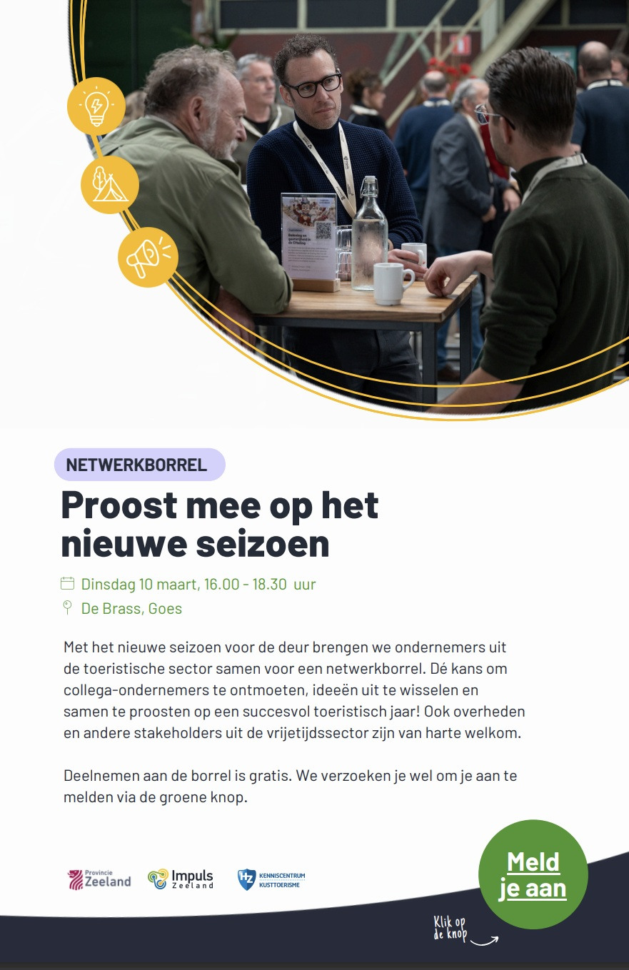 We worden uitgenodigd voor de opening van het aankomende zomerseizoen door Impuls, provincie Zeeland en het kenniscentrum Kusttoerisme.
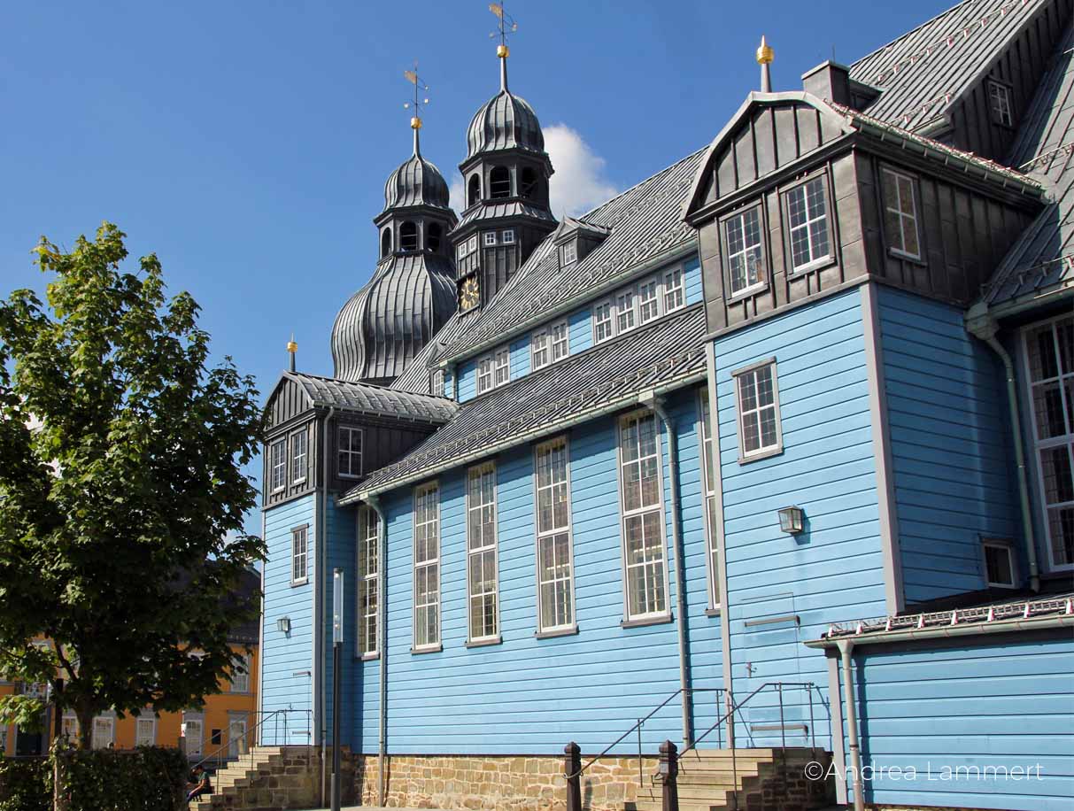 Blau erstrahlt sie mitten in Clausthal: Mit 57 Metern Länge und 26 Metern Breite ist die Heilig-Geist-Kirche Clausthal die größte Holzkirche in Europa. Sie stammt aus dem 17. Jahrhundert und ist bis heute ein Zeugnis des Reichtums, den der Bergbau einst in den Harz gebracht hat. Möchtest du mehr Tipps und Sehenswürdigkeiten in Clausthal-Zellerfeld wissen? In meinem Artikel verrate ich dir auch Geheimtipps.
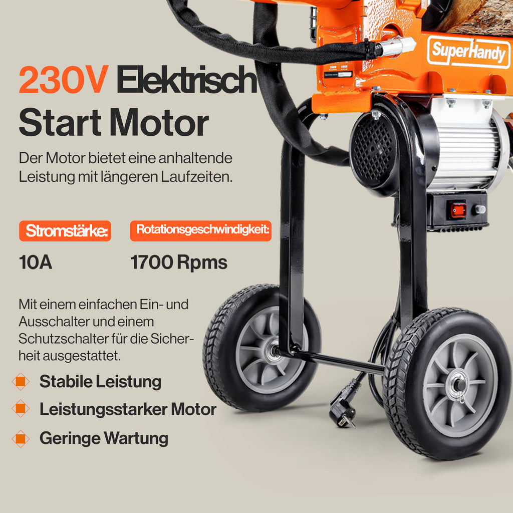- SPEZIALISIERUNGEN - Gebaut mit einem Hochleistungs-Elektromotor von 1500 W, der unser 16-Tonnen-System antreibt, verwendet die äußerst zuverlässige und bewährte 2-stufige 10 GPM Hydraulik-Zahnradpumpe und spaltet mühelos Stämme bis zu einer Länge von 20"/50cm und einem Durchmesser von 14"/35cm.

• _What to work on_: Would you please output only the lines from the start of the material above up to and including the line with "Blau erstrahlt sie", exactly as they appear and without pictures?

• _Answer below_:
 We worden uitgenodigd voor de opening van het aankomende zomerseizoen door Impuls, provincie Zeeland en het kenniscentrum Kusttoerisme.
 Blau erstrahlt sie mitten in Clausthal: Mit 57 Metern Länge und 26 Metern Breite ist die Heilig-Geist-Kirche Clausthal die größte Holzkirche in Europa. Sie stammt aus dem 17. Jahrhundert und ist bis heute ein Zeugnis des Reichtums, den der Bergbau einst in den Harz gebracht hat. Möchtest du mehr Tipps und Sehenswürdigkeiten in Clausthal-Zellerfeld wissen? In meinem Artikel verrate ich dir auch Geheimtipps.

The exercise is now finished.